Defendant’s conviction for unarmed robbery is affirmed. His guilty plea to the recidivist charge is vacated, and the case is remanded for further proceedings consistent with this opinion.
Cynar, J., concurred.The pistol was identified by the robbery victim as similar to that used by the robber and was identified by police officers as the pistol found in the car and placed in the box. The menu card was identified by a pizzeria employee as one used at the store. The hat was identified by the robbery victim as similar to that used by the robber and was further identified by police officers as the hat found in the car. The envelopes were identified by the officers as those in which the money found in the hat and in the car had previously been placed. Furthermore Chief Eugene Alii of the Brighton State Police Post testified that he retained custody of all eight exhibits commencing July 23, 1976, with the exception of one day when they were subjected to tests at the State Police laboratory.

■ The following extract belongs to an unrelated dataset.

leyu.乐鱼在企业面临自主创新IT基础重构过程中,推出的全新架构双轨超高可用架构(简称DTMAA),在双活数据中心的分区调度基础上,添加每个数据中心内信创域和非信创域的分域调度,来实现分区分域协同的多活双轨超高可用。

"If at any time after conviction and either before or after sentence it shall appear that a person convicted of a felony has previously been convicted of crimes as set forth in any of the 3 foregoing sections, the prosecuting attorney of the county in which such conviction was had, in his discretion, may file a separate or supplemental information in such cause accusing the said person of such previous convictions. Whereupon the court in which such conviction was had shall cause the said person whether confined in prison or otherwise, to be brought before it and shall inform him of the allegations contained in such information, and of his right to be tried as to the truth thereof according to law, and shall require such offender to say whether he is the same person as charged in such information or not If he says he is not the same person, or remains silent, the court shall enter a plea of not guilty, and a jury of 12 jurors shall be empanelled from the petit jurors serving at the then or a following term of said court to determine the issues raised by such information and plea. The accused may waive trial by jury in the manner provided by this act. The usual practice in the trial of criminal cases shall be followed * * (Emphasis added.) MCL 769.13; MSA 28.1085.

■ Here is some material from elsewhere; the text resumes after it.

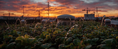 Rooftop garden with lush green plants covered in morning dew, illuminated by a vibrant sunrise. Construction cranes and urban structures visible in the distance.
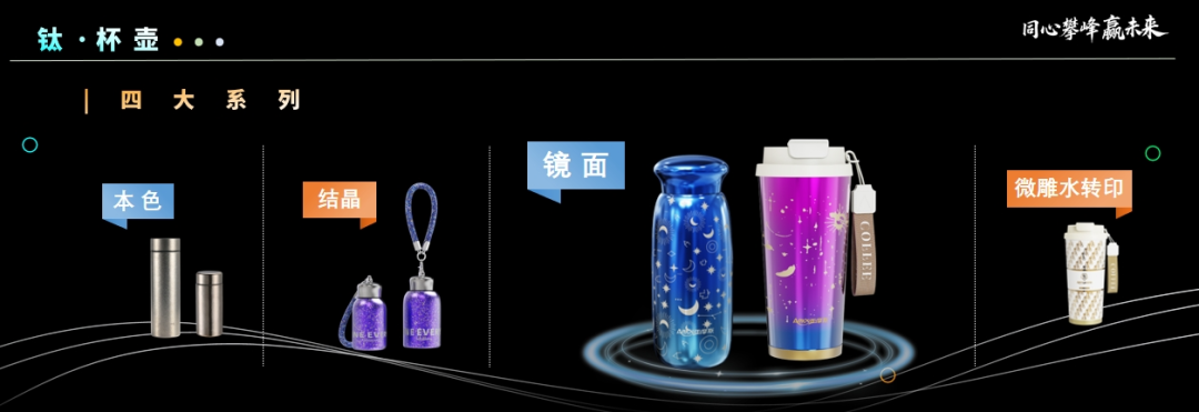 目前,集团杯壶产品主要分为本色、结晶、镜面、微雕水转印四大系列,同时还能利用阳极氧化工艺,将多种风格图案精准刻复于钛板之上,充分满足了用户和政企的定制需求。无论是日常出行还是商务办公,荣电集团的钛杯壶都能为用户带来便捷、健康、时尚的饮水体验。

Since these cases hold that sentencing is a critical stage and the habitual offender proceeding is a procedure for determining what sentence defendant is to be given, see Hendrick, supra, it necessarily follows that the habitual offender proceeding is a critical stage of the criminal prosecution.

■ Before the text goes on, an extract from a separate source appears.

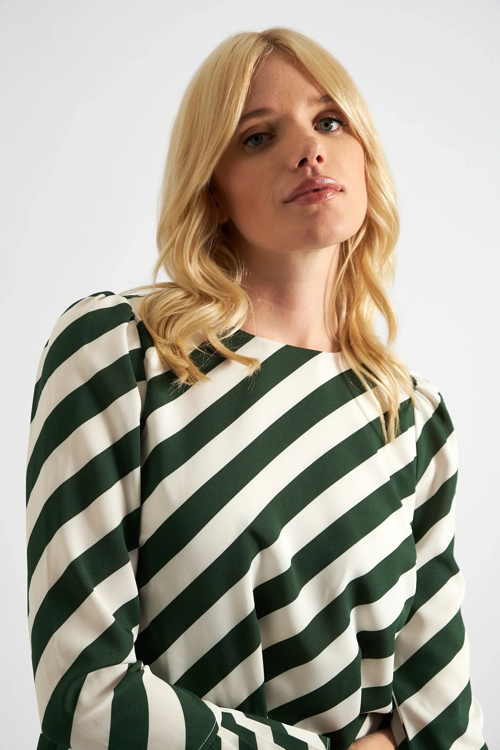 "Stand out with 60's retro-inspired style in the Megann Diagonal Lines mini dress. The bold green and white stripe makes a statement, while playful pleated cuffs and side seam pockets add a touch of quirky fun. Perfect for adding some excitement to your wardrobe."

This Court realizes that whenever it mandates requirements for the trial court to follow, an extra burden is thrust upon the trial court’s already burgeoning dockets. However, considering compliance with the guilty plea rule is required before accepting a plea to even a six-month misdemeanor (GCR 1963, 785.10), it is not reasonable to ask the trial courts to spend a few extra minutes to comply with the guilty plea rule before it accepts a habitual offender plea which could subject defendant to life imprisonment.
Since we perceive no set of facts under which a defendant could be further charged as a recidivist or have his probation or parole revoked as a result of pleading guilty to a habitual offender charge, subsections (c) and (e) of GCR 1963, 785.7(1) need not be followed.
In People v Jaworski, 387 Mich 21; 194 NW2d 868 (1972), the Michigan Supreme Court held that before a trial court could accept defendant’s guilty plea, it must inform the defendant of his right to' trial by jury, his right to confront his accusers, and his privilege against self-incrimination.